O padrão interior em nós podemos designá-lo como a natureza divina que nos permite ansiar e sonhar. O mundo exterior mantém-nos presos nos padrões de quantidade (do ter) muito longe da qualidade (longe do ser do eu mesmo e como tal prisioneiro do hábito). Para nos aproximarmos da Realidade torna-se necessário descobrir o conteúdo espiritual do dogma que aponta para além da sua codificação em realidade imediata, a “realidade” que a língua alemã designa de Wirklichkeit e que eu traduziria como realidade aplicada.

A fórmula (realidade trinitária) convida-nos a mudar a nossa percepção para que as decisões se tornem mais integrais e conscientes possibilitando um viver que reconheça o dualismo (pensamento polarizante) e ao mesmo tempo a visão complexa de pessoas, coisas e mundo unidos numa relação comum. Posso decidir, mas o que é que eu quero sem cair no padrão da verdade do sistema concebida em termos alternativos e como tal redutores da Realidade? Torna-se importante reconhecer o próprio padrão e o padrão de pensamento que nos rege, como indivíduo e como sociedade, para que se abra a possibilidade para que novos padrões possam surgir.

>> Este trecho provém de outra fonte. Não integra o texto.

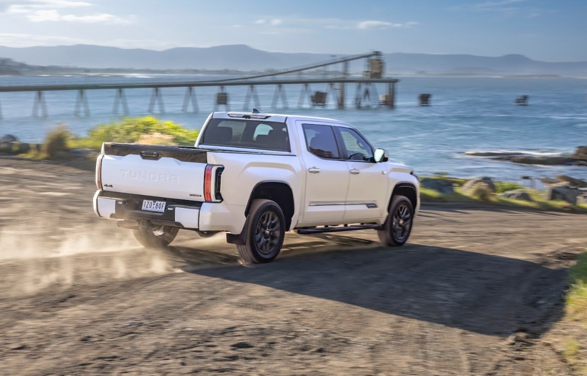 There’s no further information available at this stage, and a V8 engine is at least currently unlikely, too, given the V6 petrol engine used in current model Tundras. The version Toyota sells in Australia (main and below) gets a 3.5-litre, V6 twin-turbo hybrid powertrain, mated to a 10-speed automatic, generating 326kW and 790Nm.
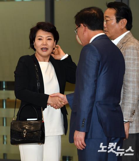 자유한국당 대선 후보였던 홍준표 전 경남지사의 아내 이순삼 씨가 4일 오후 인천국제공항을 통해 귀국하고 있다.

Então, desabilitando o padrão habitual de alteração (dualidade), torna-se possível mergulhar no padrão original, o padrão da ipseidade de ser em relação numa experiência de todo e de parte. 

Então surge a pergunta “mais dinheiro ou mais amor”, “ter mais ou ser mais”; então damo-nos conta de nos encontrarmos na roda do hamster e surge a necessidade de se tomarem decisões mais conscientes, fora do determinismo do hábito e do que pareceria lógico dentro da matriz de pensamento que nos obriga. Por trás de toda a decisão existe uma intenção, por isso é importante definir o objetivo para que a energia interior venha nessa direção. 

Às vezes, estamos caminhando pela noite e aprendendo intuitivamente os segredos das estrelas que estão distantes e fazem lembrar o cintilar do mistério que envolve toda a nossa vida. 

Neste momento, especialmente a nossa civilização ocidental encontra-se na encruzilhada e  na tempestade da noite; este é um sinal de que é chegada a hora de se rever os velhos padrões de dualidade e complementá-los com o modelo da Trindade (que é complexo e de visão integral), a única perspectiva de virmos a unir o mundo oriental e ocidental numa obra comum. Neste sentido, as forças internas terão de ser mais fortes que as externas.

António CD Justo

Esta publicação é da responsabilidade exclusiva do seu autor.